▶ _RECORDS FOR THE EXERCISE_:
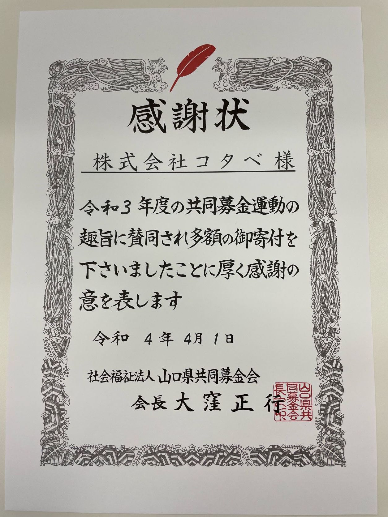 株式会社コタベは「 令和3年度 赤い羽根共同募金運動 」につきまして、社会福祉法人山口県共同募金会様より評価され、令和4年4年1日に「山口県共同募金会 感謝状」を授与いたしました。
...
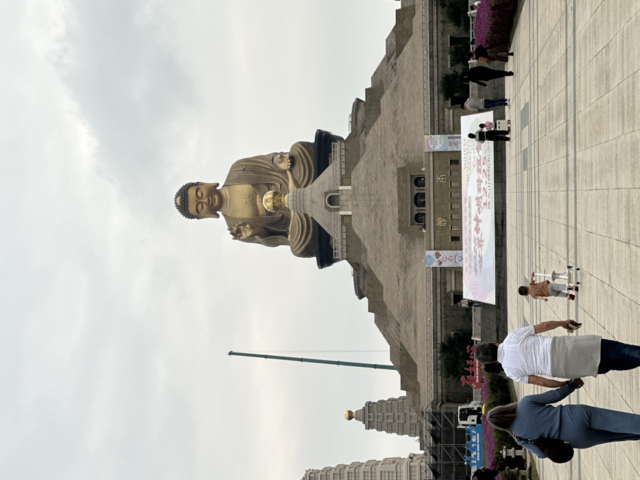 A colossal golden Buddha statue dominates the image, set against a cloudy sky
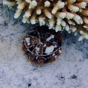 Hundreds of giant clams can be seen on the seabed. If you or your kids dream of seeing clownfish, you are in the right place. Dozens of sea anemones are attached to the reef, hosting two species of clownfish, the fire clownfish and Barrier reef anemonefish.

▶ _TASK DIRECTIONS_:
Look above for the line with "A colossal golden" and the line with "Hundreds of giant", then restate exactly those two lines and all lines between them, with no pictures.

▶ _WRITTEN RESPONSE_:
 A colossal golden Buddha statue dominates the image, set against a cloudy sky
 Hundreds of giant clams can be seen on the seabed. If you or your kids dream of seeing clownfish, you are in the right place. Dozens of sea anemones are attached to the reef, hosting two species of clownfish, the fire clownfish and Barrier reef anemonefish.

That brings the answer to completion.